We disagree. The description below contemplates the acquisition of 100% of two entities; the fact that there are multiple sellers does not factor into the analysis here (other than potentially with regards to Rule 801.30).

  • If A, Inc., is just a holding company for the interests in C, LLC, Buyer should look at the transaction as the acquisition of 100% of C, LLC.
  • If A, Inc., holds additional assets, Buyer should look at the transaction as two acquisitions: one for the acquisition of 100% of A, Inc., and one for the secondary acquisition of 100% of C, LLC.

Best regards,

Kristin

Question

From: Shaffer, Kristin <kshaffer@ftc.gov>
Sent: Tuesday, February 1, 2022 9:54:24 AM (UTC-05:00) Eastern Time (US & Canada)
To: [Redacted]
Cc: [Redacted]
Subject: RE: Question regarding Size of Transaction

[Redacted]

We disagree. The description below contemplates the acquisition of 100% of two entities; the fact that there are multiple sellers does not factor into the analysis here (other than potentially with regards to Rule 801.30).

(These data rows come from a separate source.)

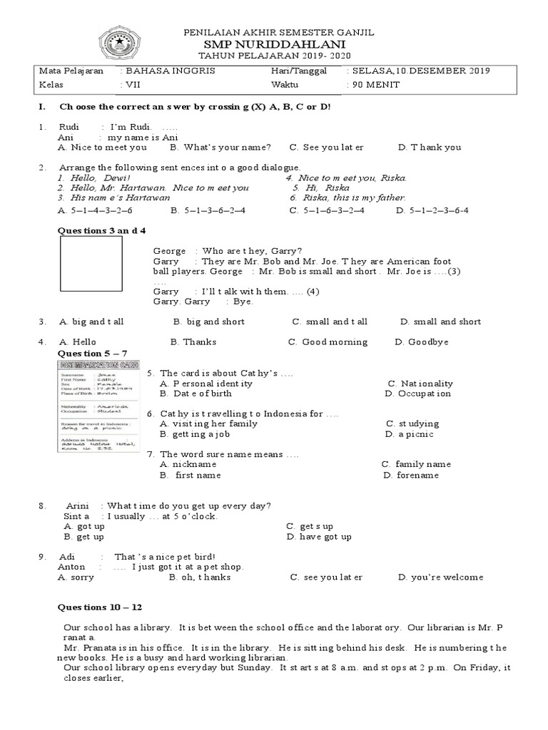 Choose the correct response by crossing a the choice a w chemical ór d. 10 Soal Pilihan Ganda Bahasa Inggris Untuk SMP Kelas 7 Part II Beserta Jawaban. Soal ukk kelas 7 kurikulum 2013 tahun 2019 Mata Pelajaran Bahasa Indonesia.
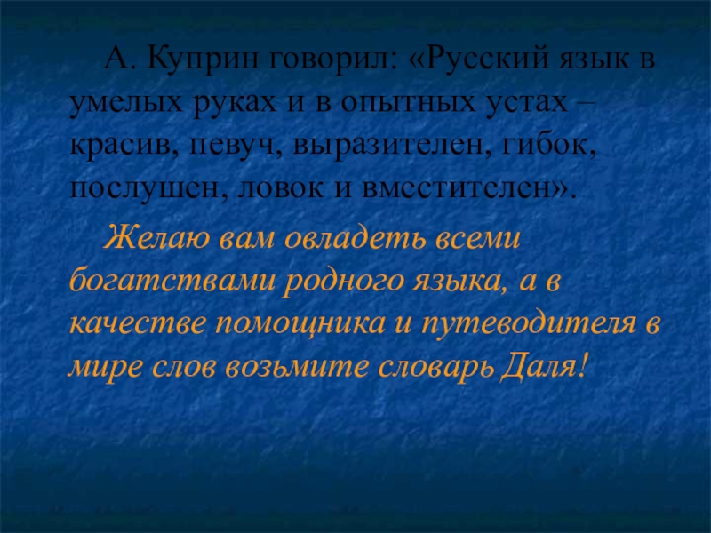А. Куприн говорил: «Русский язык в умелых руках
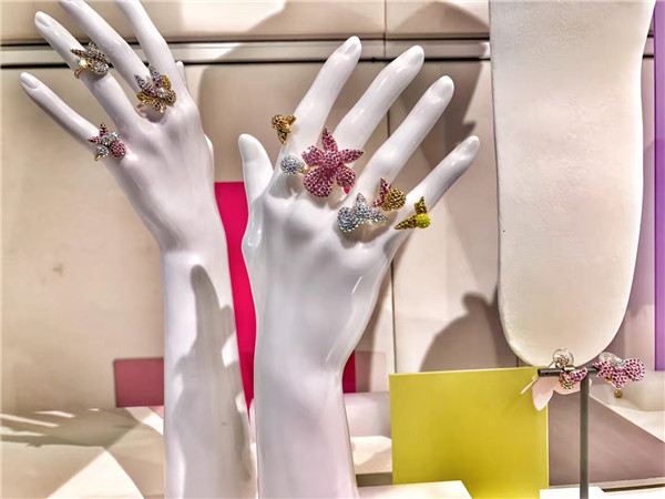 本季,夸張吸引眼球的首飾系列和雞尾酒戒指繼續(xù)大行其道,富有女性優(yōu)雅的設計也一如既往席卷著時尚界,而以疊搭的方式佩戴多件小巧精致的首飾不僅看起來優(yōu)雅大方,也更添時尚感。2018春夏彩虹天階(RainbowParadise)系列將多樣的元素相融合,以自然圖案打造現(xiàn)代時尚,那些用閃亮和諧的色彩組合成的蝴蝶、小巧精致的蜜蜂、充滿神秘色彩的蛇型,與簡潔流暢的自然線條、流蘇裝飾,不對稱設計等,皆展現(xiàn)了新一季的璀璨魅力。
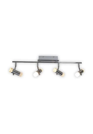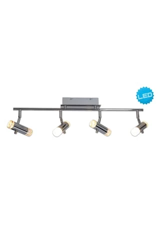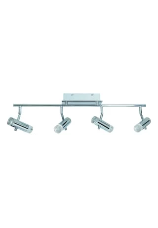 incl. 4x 17 LED 4x 4,5W 3000K; 4x 325lm; IP 20 SK I Lebensdauer 20.000h Energieeffizienzklasse G incl. Treiber 220-240V~ 50/60Hz 30-42V DC I=500mA b: 8cm; l.: 66cm; h:18,5cm Material: Metall, chrom Farbe: chrom, klar Lichtfarbe: warmweiß

  • If A, Inc., is just a holding company for the interests in C, LLC, Buyer should look at the transaction as the acquisition of 100% of C, LLC.
  • If A, Inc., holds additional assets, Buyer should look at the transaction as two acquisitions: one for the acquisition of 100% of A, Inc., and one for the secondary acquisition of 100% of C, LLC.

Best regards,

Kristin

From: [Redacted]
Sent: Monday, January 31, 2022 2:50 PM
To: HSRHelp <HSRHelp@ftc.gov>
Cc: [Redacted]
Subject: Question regarding Size of Transaction

Dear PNO,

I’m writing to confirm the proper calculation of size of transaction for HSR purposes. Please note that the total price to be paid by the buyer has been determined.

Relevant companies and their ownership structure at the time of acquisition:

A, Inc., which holds 60% of C, LLC

C, LLC – 60% owned by A and 40% owned by minority investors B, C, D, E, F, and G

  • A-G all have different UPEs; approx. 10% of A's voting securities are held by a different UPE (H) than the holder of the majority of A's voting securities.

In the proposed transaction, buyer will directly acquire:

(1) 100% of the securities (voting and non-voting) of A; and

(2) the 40% of C held by B-G via a merger by a merger sub with C

The acquisitions will occur simultaneously. C holds additional subsidiaries that will be acquired indirectly.

Because control of C will be obtained indirectly through the buyer’s acquisition of A, the size of transaction for HSR purposes is the acquisition price for the voting securities of A. The acquisition price for the separate acquisition of 40% of C from minority holders B-G would not be added to the size of transaction, as the value of the controlling interest in C is reflected in the purchase price for the voting securities of A, and the acquisition of a non-controlling interest in a non-corporate entity is not reportable under HSR. Additionally, the acquisition price for the 10% of voting securities of A sold by H is below the HSR reporting threshold and would therefore not be added to the size of transaction.

Please advise if you agree. Thank you.